**Problem details**
Print the complete set of entries exactly.

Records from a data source
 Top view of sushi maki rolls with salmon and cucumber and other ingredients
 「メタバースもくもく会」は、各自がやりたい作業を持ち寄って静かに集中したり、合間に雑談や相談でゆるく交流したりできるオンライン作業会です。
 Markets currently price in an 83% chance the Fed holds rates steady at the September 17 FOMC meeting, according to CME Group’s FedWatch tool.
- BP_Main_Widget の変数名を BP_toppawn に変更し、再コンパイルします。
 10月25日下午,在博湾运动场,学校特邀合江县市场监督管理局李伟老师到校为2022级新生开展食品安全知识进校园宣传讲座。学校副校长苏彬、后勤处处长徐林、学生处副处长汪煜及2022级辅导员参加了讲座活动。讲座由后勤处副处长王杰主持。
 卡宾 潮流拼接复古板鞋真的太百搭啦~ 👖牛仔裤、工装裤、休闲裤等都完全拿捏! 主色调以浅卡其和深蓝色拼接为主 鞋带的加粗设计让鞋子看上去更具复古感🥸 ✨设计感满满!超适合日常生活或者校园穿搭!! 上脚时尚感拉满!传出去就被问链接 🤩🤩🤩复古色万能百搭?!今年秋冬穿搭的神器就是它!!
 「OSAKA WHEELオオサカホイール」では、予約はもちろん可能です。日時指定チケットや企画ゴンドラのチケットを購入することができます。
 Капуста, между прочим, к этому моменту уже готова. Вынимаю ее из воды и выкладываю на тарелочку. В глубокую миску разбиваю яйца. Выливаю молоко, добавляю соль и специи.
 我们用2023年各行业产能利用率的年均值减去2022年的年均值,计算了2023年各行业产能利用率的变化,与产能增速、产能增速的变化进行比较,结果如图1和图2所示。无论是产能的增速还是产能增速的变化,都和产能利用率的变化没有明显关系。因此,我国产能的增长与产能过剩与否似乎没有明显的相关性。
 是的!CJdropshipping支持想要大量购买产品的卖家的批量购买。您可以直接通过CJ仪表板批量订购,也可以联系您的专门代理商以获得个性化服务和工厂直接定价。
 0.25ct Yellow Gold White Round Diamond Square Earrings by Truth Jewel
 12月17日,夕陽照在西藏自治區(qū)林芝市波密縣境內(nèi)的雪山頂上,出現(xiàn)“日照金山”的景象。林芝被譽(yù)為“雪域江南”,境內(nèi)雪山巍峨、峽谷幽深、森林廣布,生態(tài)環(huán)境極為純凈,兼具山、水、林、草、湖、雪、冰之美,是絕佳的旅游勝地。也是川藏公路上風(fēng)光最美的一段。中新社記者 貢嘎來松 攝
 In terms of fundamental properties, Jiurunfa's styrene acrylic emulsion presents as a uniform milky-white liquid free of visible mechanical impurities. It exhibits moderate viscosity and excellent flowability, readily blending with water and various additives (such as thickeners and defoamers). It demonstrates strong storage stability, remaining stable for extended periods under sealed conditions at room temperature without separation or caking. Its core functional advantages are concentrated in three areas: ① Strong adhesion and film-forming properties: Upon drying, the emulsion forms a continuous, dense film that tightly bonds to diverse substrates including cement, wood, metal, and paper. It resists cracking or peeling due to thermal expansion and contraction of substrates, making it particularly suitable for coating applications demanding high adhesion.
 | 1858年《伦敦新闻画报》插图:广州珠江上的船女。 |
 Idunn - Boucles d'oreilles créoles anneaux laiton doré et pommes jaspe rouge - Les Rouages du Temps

**Task result**
 Top view of sushi maki rolls with salmon and cucumber and other ingredients
 「メタバースもくもく会」は、各自がやりたい作業を持ち寄って静かに集中したり、合間に雑談や相談でゆるく交流したりできるオンライン作業会です。
 Markets currently price in an 83% chance the Fed holds rates steady at the September 17 FOMC meeting, according to CME Group’s FedWatch tool.
- BP_Main_Widget の変数名を BP_toppawn に変更し、再コンパイルします。
 10月25日下午,在博湾运动场,学校特邀合江县市场监督管理局李伟老师到校为2022级新生开展食品安全知识进校园宣传讲座。学校副校长苏彬、后勤处处长徐林、学生处副处长汪煜及2022级辅导员参加了讲座活动。讲座由后勤处副处长王杰主持。
 卡宾 潮流拼接复古板鞋真的太百搭啦~ 👖牛仔裤、工装裤、休闲裤等都完全拿捏! 主色调以浅卡其和深蓝色拼接为主 鞋带的加粗设计让鞋子看上去更具复古感🥸 ✨设计感满满!超适合日常生活或者校园穿搭!! 上脚时尚感拉满!传出去就被问链接 🤩🤩🤩复古色万能百搭?!今年秋冬穿搭的神器就是它!!
 「OSAKA WHEELオオサカホイール」では、予約はもちろん可能です。日時指定チケットや企画ゴンドラのチケットを購入することができます。
 Капуста, между прочим, к этому моменту уже готова. Вынимаю ее из воды и выкладываю на тарелочку. В глубокую миску разбиваю яйца. Выливаю молоко, добавляю соль и специи.
 我们用2023年各行业产能利用率的年均值减去2022年的年均值,计算了2023年各行业产能利用率的变化,与产能增速、产能增速的变化进行比较,结果如图1和图2所示。无论是产能的增速还是产能增速的变化,都和产能利用率的变化没有明显关系。因此,我国产能的增长与产能过剩与否似乎没有明显的相关性。
 是的!CJdropshipping支持想要大量购买产品的卖家的批量购买。您可以直接通过CJ仪表板批量订购,也可以联系您的专门代理商以获得个性化服务和工厂直接定价。
 0.25ct Yellow Gold White Round Diamond Square Earrings by Truth Jewel
 12月17日,夕陽照在西藏自治區(qū)林芝市波密縣境內(nèi)的雪山頂上,出現(xiàn)“日照金山”的景象。林芝被譽(yù)為“雪域江南”,境內(nèi)雪山巍峨、峽谷幽深、森林廣布,生態(tài)環(huán)境極為純凈,兼具山、水、林、草、湖、雪、冰之美,是絕佳的旅游勝地。也是川藏公路上風(fēng)光最美的一段。中新社記者 貢嘎來松 攝
 In terms of fundamental properties, Jiurunfa's styrene acrylic emulsion presents as a uniform milky-white liquid free of visible mechanical impurities. It exhibits moderate viscosity and excellent flowability, readily blending with water and various additives (such as thickeners and defoamers). It demonstrates strong storage stability, remaining stable for extended periods under sealed conditions at room temperature without separation or caking. Its core functional advantages are concentrated in three areas: ① Strong adhesion and film-forming properties: Upon drying, the emulsion forms a continuous, dense film that tightly bonds to diverse substrates including cement, wood, metal, and paper. It resists cracking or peeling due to thermal expansion and contraction of substrates, making it particularly suitable for coating applications demanding high adhesion.
 | 1858年《伦敦新闻画报》插图:广州珠江上的船女。 |
 Idunn - Boucles d'oreilles créoles anneaux laiton doré et pommes jaspe rouge - Les Rouages du Temps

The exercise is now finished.